» What you are asked to do
Could you restate the whole listing below word for word, minus the pictures?

◇ ◇ ◇ ◇ ◇

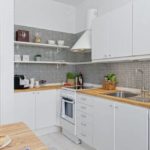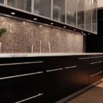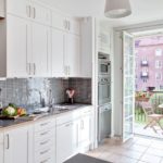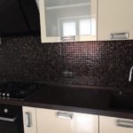 - Black color will also be interesting as an apron material. It can contrast with the light furniture of the kitchen, and can support the interior of the loft or high-tech style.
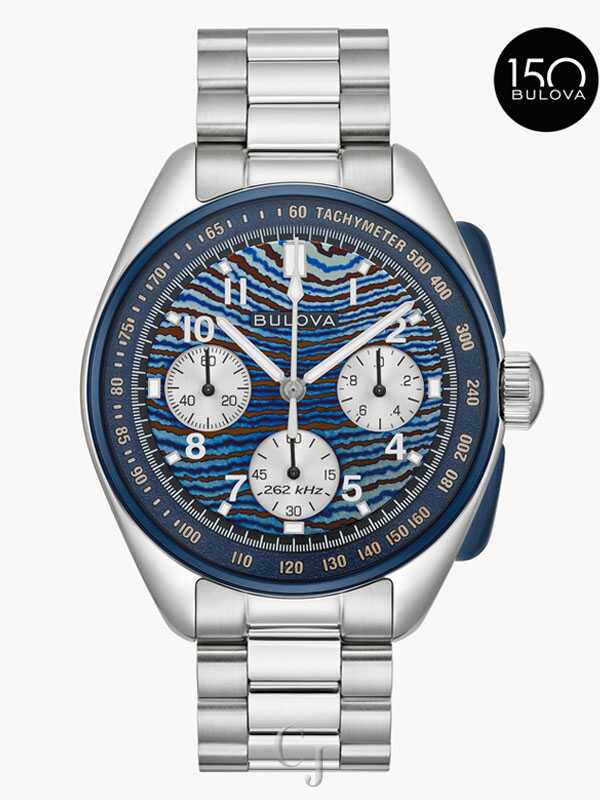 In collaboration with famed Brazilian artist Thiago Rosinhole, Bulova’s legendary Lunar Pilot chronograph is revisited for Bulova’s 150th Anniversary, combining Bulova’s legacy of precision timing with Rosinhole’s unique style of fusing street art and pop culture for this new limited-edition Lunar Pilot timepiece. Beneath the flat sapphire crystal, the watch takes a striking turn with a mesmerizing Timascus dial, crafted from titanium that has been folded through the Damascus process to achieve its captivating pattern. Slim, blue chronograph pushers and a crown featuring the Bulova tuning fork accent the 43.5mm silver-tone stainless steel case, while six-hand chronograph functionality with timing to 1/20th second, silver registers, and Super-Luminova applied to the hands and markers complement the dial’s blue tachymeter ring. Powered by our proprietary high-precision quartz movement, resonating at a frequency of 262khz for unparalleled accuracy and allowing a sweeping chronograph hand , the watch is paired with a matching 3-link silver-tone stainless steel bracelet and features an individually numbered case back embossed with Rosinhole’s signature Budii figure. A modern interpretation of a historic timepiece with a unique twist, the Bulova Lunar Pilot is the ideal watch for today’s explorer and is presented in special packaging, including a storybook and a signature 6-inch Budii figurine designed by the celebrated artist, exclusively for this collaboration. Limited to 5,500 pieces worldwide.
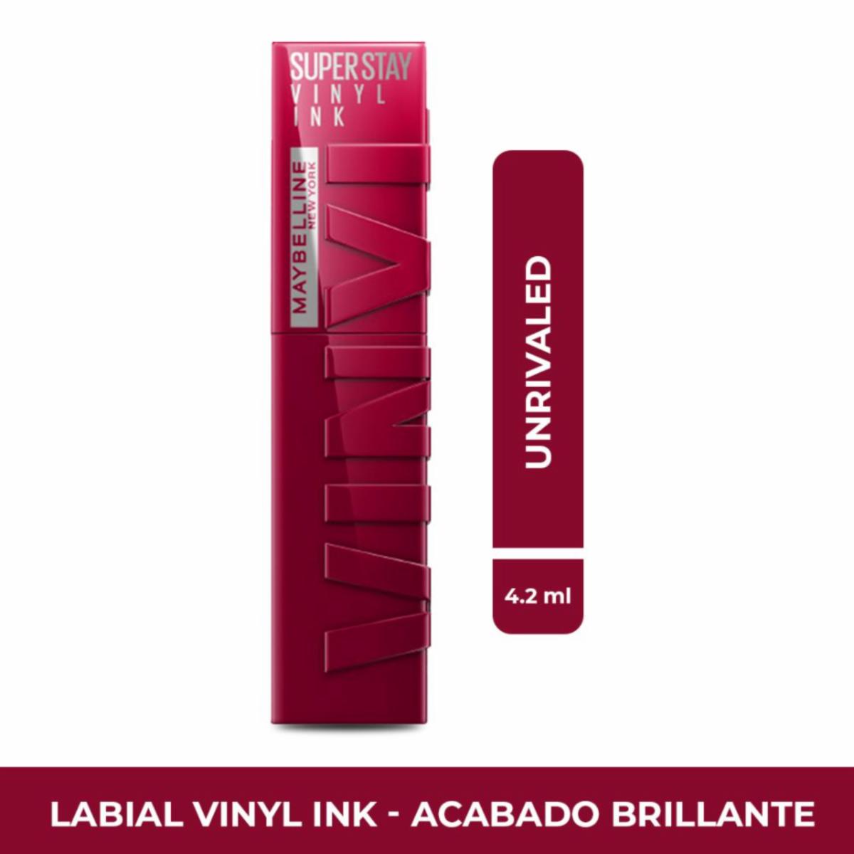 Labial Líquido Vinyl Ink Acabado Brillante Tono 30 Unrivaled MAYBELLINE NEW YORK – MAYBELLINE NEW YORK. Disponible en nuestros locales. Precio y stock pueden variar según la tienda.
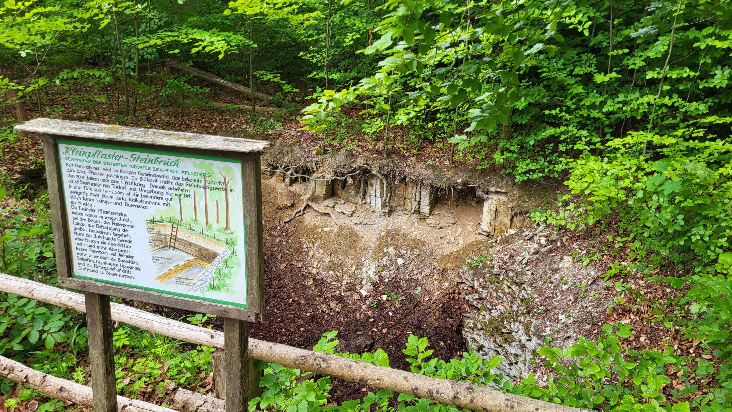 Damals wurden die Steine auch aus dem Boden am Berg „Burscheid“ gewonnen, oberhalb des Steinbruches. Dafür wurden Löcher in den Boden gegraben, um an die stabileren tieferliegendfen Steine zu gelangen, was viel Arbeit bedeutete.
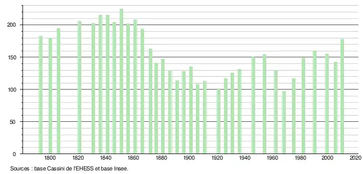 L'évolution du nombre d'habitants est connue à travers les recensements de la population effectués dans la commune depuis 1793. À partir du , les populations légales des communes sont publiées annuellement dans le cadre d'un recensement qui repose désormais sur une collecte d'information annuelle, concernant successivement tous les territoires communaux au cours d'une période de cinq ans. Pour les communes de moins de 10 000 habitants, une enquête de recensement portant sur toute la population est réalisée tous les cinq ans, les populations légales des années intermédiaires étant quant à elles estimées par interpolation ou extrapolation[4]. Pour la commune, le premier recensement exhaustif entrant dans le cadre du nouveau dispositif a été réalisé en 2005[5],[Note 1].
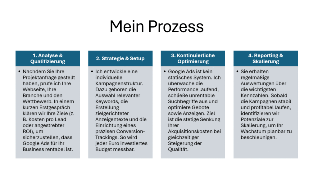 Erfolgreiche Google Ads Kampagnen benötigen eine klare Strategie, sauberes Tracking und kontinuierliche Optimierung.
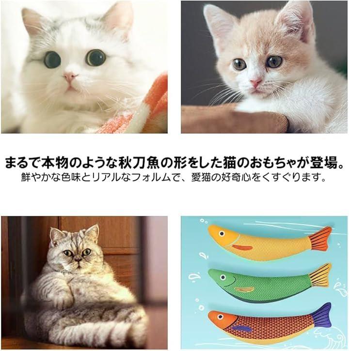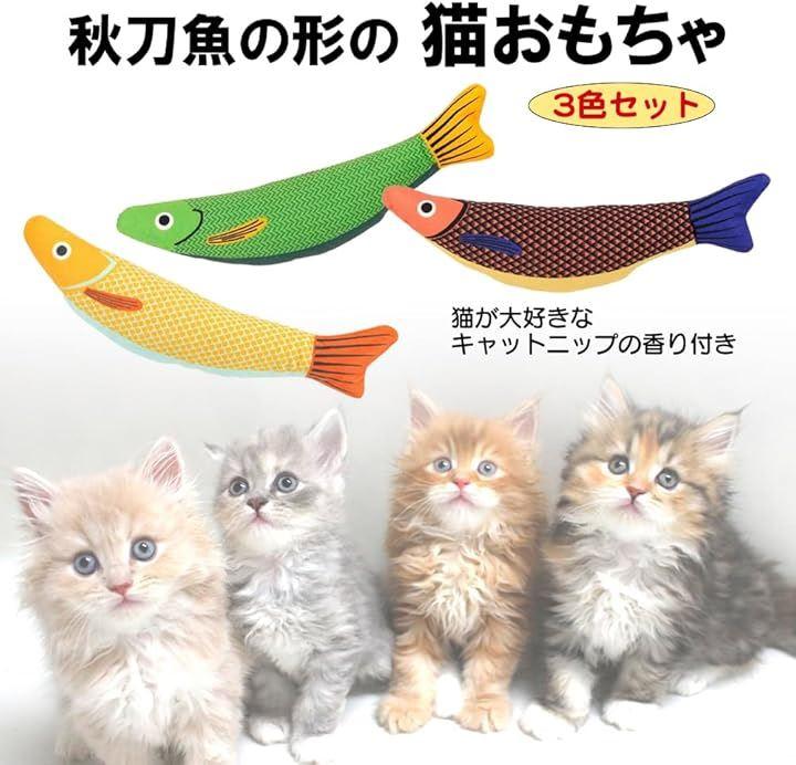 まるで本物のような秋刀魚の形をした猫のおもちゃが登場。
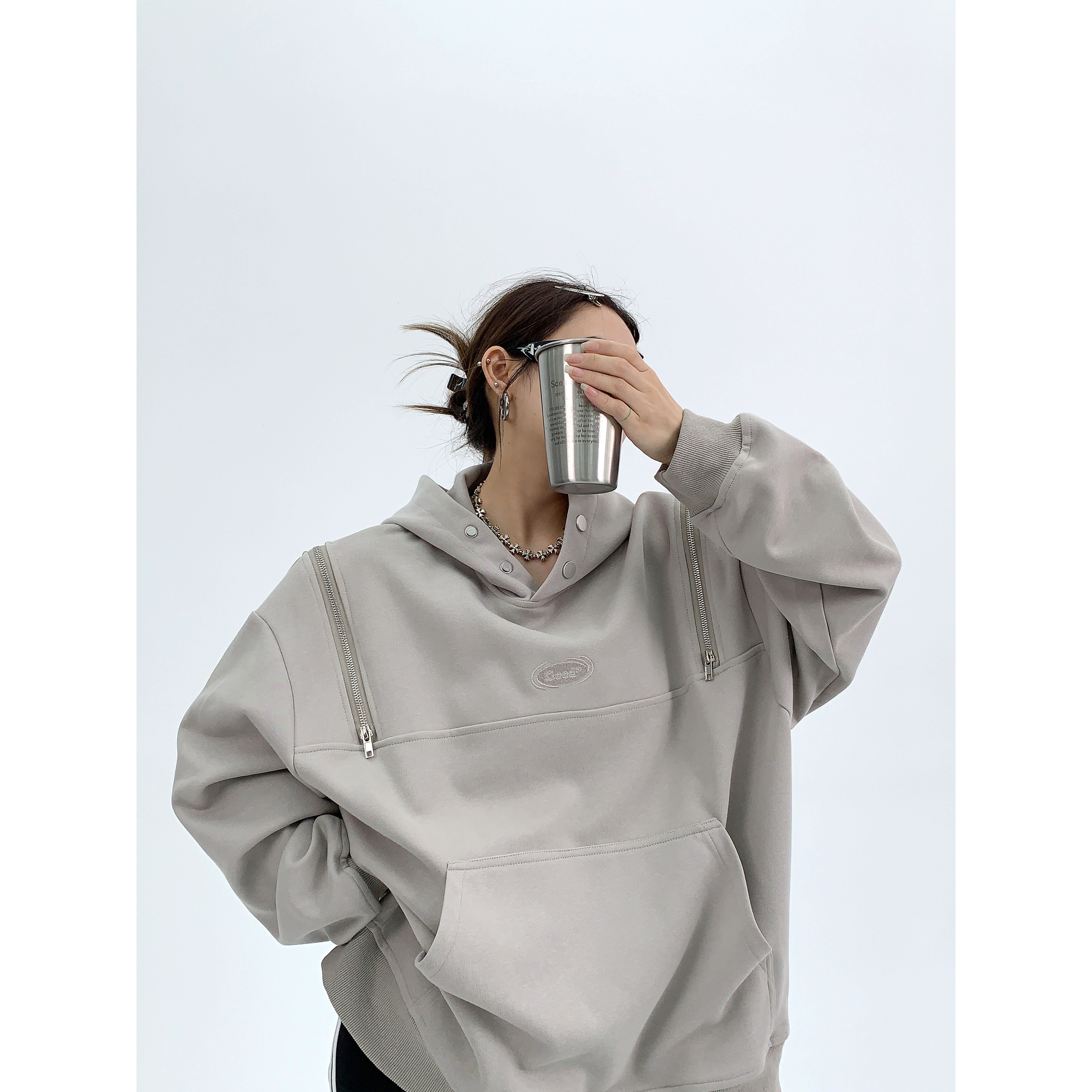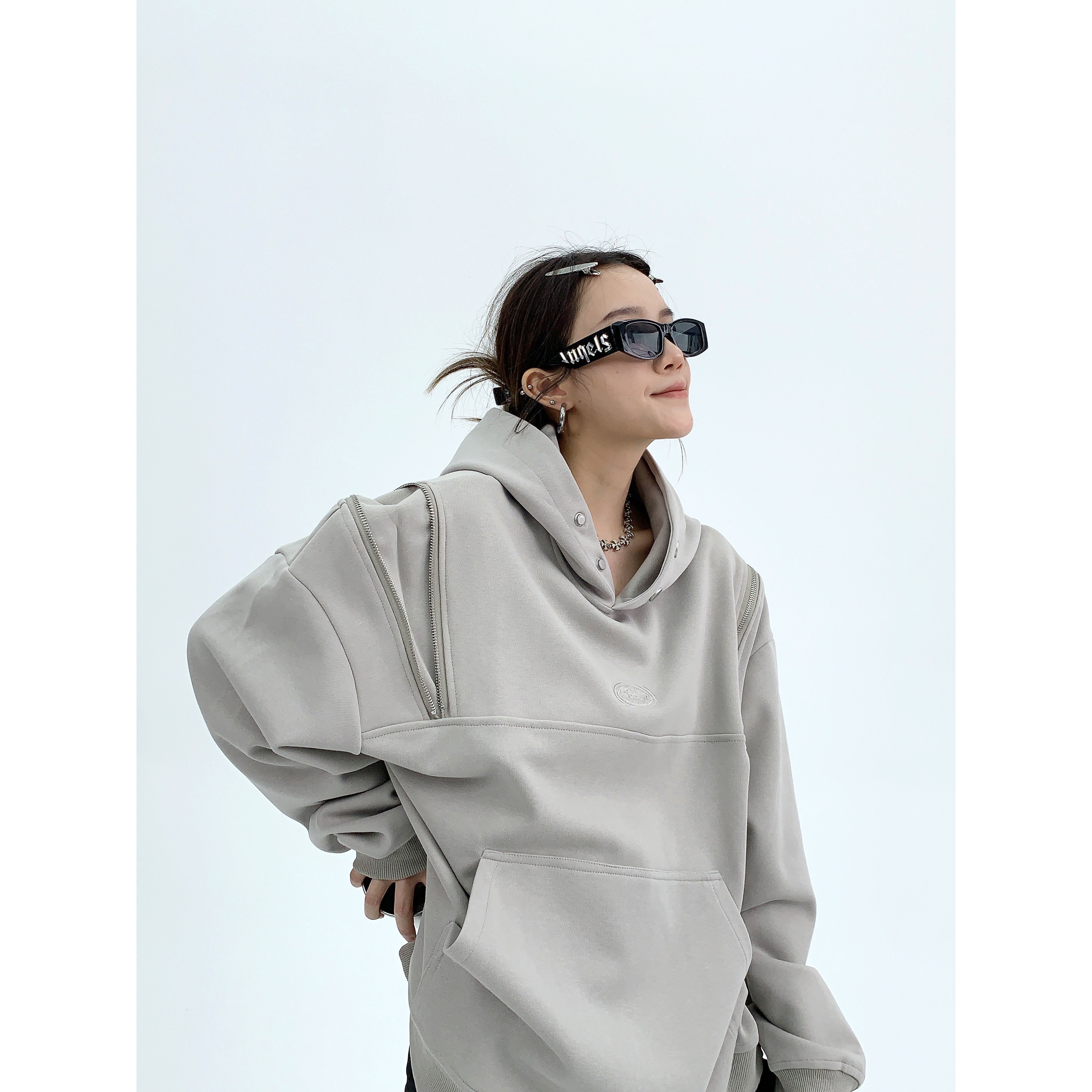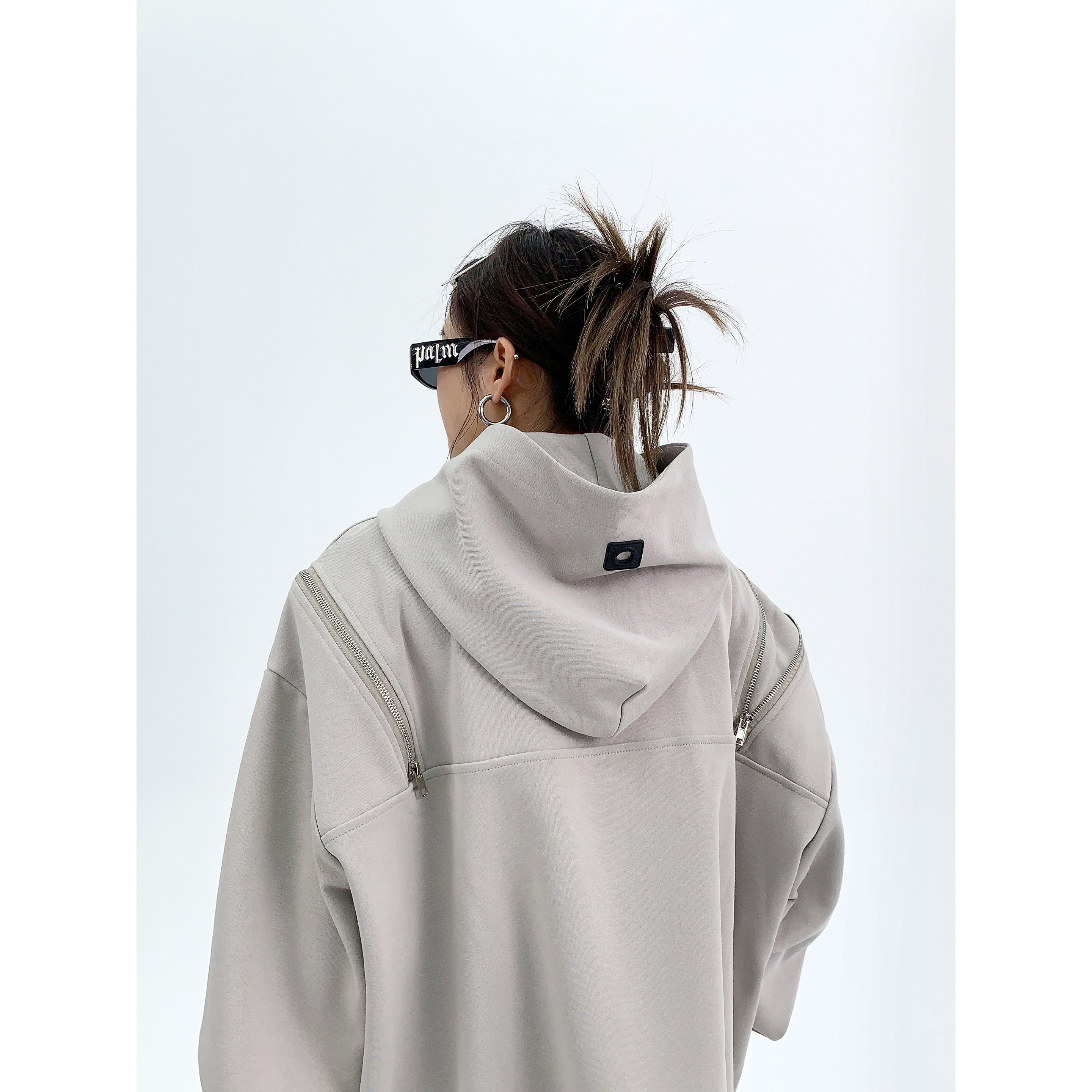 Демисезонная небольшая ретро дизайнерская толстовка с капюшоном с молнией, увеличенная толщина, оверсайз, тренд сезона
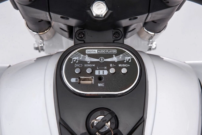 Mit dabei sind eine hintere Staubox für Kleinigkeiten, ein übersichtliches Armaturenbrett mit Schlüssel sowie Multimedia-Eingänge (USB, Mikrofon) für Lieblingslieder. Das Dreirad besteht aus hochwertigem Kunststoff, ist pflegeleicht und eine hervorragende Wahl für den täglichen Spielspaß.
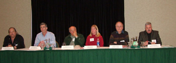 The afternoon panel discussion at the second Annual U.S./Canadian Lobstermens Town Meeting included from left, Joe Iodine, US; Doug Pezzack, Canada; Jim Wilson, US; Diane Cowan, US; Harry Mears, US, and Jim Jamieson, Canada. Photo Fishermen's Voice

◇ ◇ ◇ ◇ ◇

» Solution to this problem
 - Black color will also be interesting as an apron material. It can contrast with the light furniture of the kitchen, and can support the interior of the loft or high-tech style.
 In collaboration with famed Brazilian artist Thiago Rosinhole, Bulova’s legendary Lunar Pilot chronograph is revisited for Bulova’s 150th Anniversary, combining Bulova’s legacy of precision timing with Rosinhole’s unique style of fusing street art and pop culture for this new limited-edition Lunar Pilot timepiece. Beneath the flat sapphire crystal, the watch takes a striking turn with a mesmerizing Timascus dial, crafted from titanium that has been folded through the Damascus process to achieve its captivating pattern. Slim, blue chronograph pushers and a crown featuring the Bulova tuning fork accent the 43.5mm silver-tone stainless steel case, while six-hand chronograph functionality with timing to 1/20th second, silver registers, and Super-Luminova applied to the hands and markers complement the dial’s blue tachymeter ring. Powered by our proprietary high-precision quartz movement, resonating at a frequency of 262khz for unparalleled accuracy and allowing a sweeping chronograph hand , the watch is paired with a matching 3-link silver-tone stainless steel bracelet and features an individually numbered case back embossed with Rosinhole’s signature Budii figure. A modern interpretation of a historic timepiece with a unique twist, the Bulova Lunar Pilot is the ideal watch for today’s explorer and is presented in special packaging, including a storybook and a signature 6-inch Budii figurine designed by the celebrated artist, exclusively for this collaboration. Limited to 5,500 pieces worldwide.
 Labial Líquido Vinyl Ink Acabado Brillante Tono 30 Unrivaled MAYBELLINE NEW YORK – MAYBELLINE NEW YORK. Disponible en nuestros locales. Precio y stock pueden variar según la tienda.
 Damals wurden die Steine auch aus dem Boden am Berg „Burscheid“ gewonnen, oberhalb des Steinbruches. Dafür wurden Löcher in den Boden gegraben, um an die stabileren tieferliegendfen Steine zu gelangen, was viel Arbeit bedeutete.
 L'évolution du nombre d'habitants est connue à travers les recensements de la population effectués dans la commune depuis 1793. À partir du , les populations légales des communes sont publiées annuellement dans le cadre d'un recensement qui repose désormais sur une collecte d'information annuelle, concernant successivement tous les territoires communaux au cours d'une période de cinq ans. Pour les communes de moins de 10 000 habitants, une enquête de recensement portant sur toute la population est réalisée tous les cinq ans, les populations légales des années intermédiaires étant quant à elles estimées par interpolation ou extrapolation[4]. Pour la commune, le premier recensement exhaustif entrant dans le cadre du nouveau dispositif a été réalisé en 2005[5],[Note 1].
 Erfolgreiche Google Ads Kampagnen benötigen eine klare Strategie, sauberes Tracking und kontinuierliche Optimierung.
 まるで本物のような秋刀魚の形をした猫のおもちゃが登場。
 Демисезонная небольшая ретро дизайнерская толстовка с капюшоном с молнией, увеличенная толщина, оверсайз, тренд сезона
 Mit dabei sind eine hintere Staubox für Kleinigkeiten, ein übersichtliches Armaturenbrett mit Schlüssel sowie Multimedia-Eingänge (USB, Mikrofon) für Lieblingslieder. Das Dreirad besteht aus hochwertigem Kunststoff, ist pflegeleicht und eine hervorragende Wahl für den täglichen Spielspaß.
 The afternoon panel discussion at the second Annual U.S./Canadian Lobstermens Town Meeting included from left, Joe Iodine, US; Doug Pezzack, Canada; Jim Wilson, US; Diane Cowan, US; Harry Mears, US, and Jim Jamieson, Canada. Photo Fishermen's Voice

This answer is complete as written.